13. Successors and Assigns. This Agreement may not be assigned by the
Administrator unless such assignment is previously consented to in writing by
the Issuer and the Owner Trustee and subject to receipt of Rating Agency
Confirmation in respect thereof. An assignment with such consent and
satisfaction, if accepted by the assignee, will bind the assignee hereunder in
the same manner as the Administrator is bound hereunder. Notwithstanding the
foregoing, this Agreement may be assigned by the Administrator without the
consent of the Issuer or the Owner Trustee to a corporation or other
organization that is a successor (by merger, consolidation or purchase of
assets) to the Administrator; provided that such successor organization executes
and delivers to the Issuer, the Owner Trustee and the Indenture Trustee an
agreement in which such corporation or other organization agrees to be bound
hereunder by the terms of said assignment in the same manner as the
Administrator is bound hereunder. Subject to the foregoing, this Agreement will
bind any successors or assigns of the parties hereto.
14. Governing Law. This agreement will be construed in accordance with the laws
of the State of New York, and the obligations, rights and remedies of the
parties hereunder will be determined in accordance with such laws.
15. Headings. The Section headings hereof have been inserted for convenience of
reference only and will not be construed to affect the meaning, construction or
effect of this Agreement.
16. Counterparts. This Agreement may be executed in counterparts, each of which
when so executed will be an original, but all of which together will constitute
but one and the same agreement.
17. Severability.

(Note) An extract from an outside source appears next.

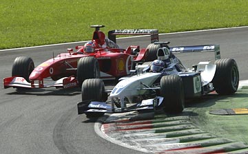 Williams and Colombian Juan Pablo Montoya, who started on pole after clocking the fastest qualifying lap in Formula One history, could only watch as the red Ferraris sweept past as the crowd stood and roared their delight.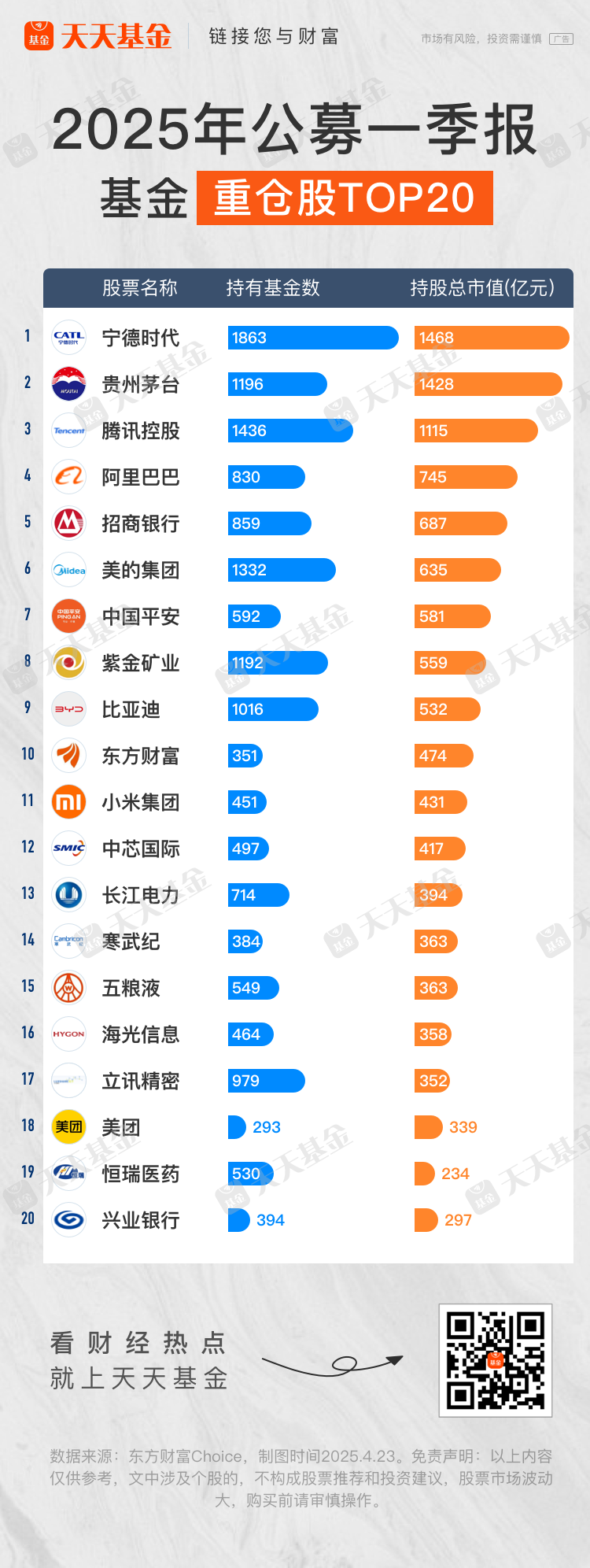 随着2025年基金一季报披露完毕,公募重仓股情况新鲜出炉。

Any provision of this Agreement that is prohibited or
unenforceable in any jurisdiction will be ineffective to the extent of such
prohibition or unenforceability without invalidating the remaining provisions
hereof and any such prohibition or unenforceability in any jurisdiction will not
invalidate or render unenforceable such provision in any other jurisdiction.
18. Not Applicable to Ford Credit in Other Capacities. Nothing in this Agreement
will affect any right or obligation Ford Credit may have in any other capacity.
19. Limitation of Liability of Owner Trustee and Indenture Trustee. (a)
Notwithstanding anything contained herein to the contrary, this instrument has
been signed on behalf of the Issuer by Wachovia Bank of Delaware, National
Association not in its individual capacity but solely in its capacity as Owner
Trustee of the Issuer and in no event will Wachovia Bank of Delaware, National
Association in its individual capacity or any beneficial owner of the Issuer
have any liability for the representations, warranties, covenants, agreements or
other obligations of the Issuer hereunder, as to all of which recourse will be
had solely to the assets of the Issuer. For all purposes of this Agreement, in
the performance of any duties or obligations of the Issuer hereunder, the Owner
Trustee will be subject to, and entitled to the benefits of, the terms and
provisions of the Trust Agreement.
(b) Notwithstanding anything contained herein to the contrary, this Agreement
has been countersigned by The Bank of New York not in its individual capacity
but solely as Indenture Trustee and in no event will The Bank of New York have
any liability for the representations, warranties, covenants, agreements or
other obligations of the Issuer hereunder or in any of the certificates, notices
or agreements delivered pursuant hereto, as to all of which recourse will be had
solely to the assets of the Issuer.
20. Third-Party Beneficiary. The Owner Trustee is a third-party beneficiary to
this Agreement and is entitled to the rights and benefits hereunder and may
enforce the provisions hereof as if it were a party hereto.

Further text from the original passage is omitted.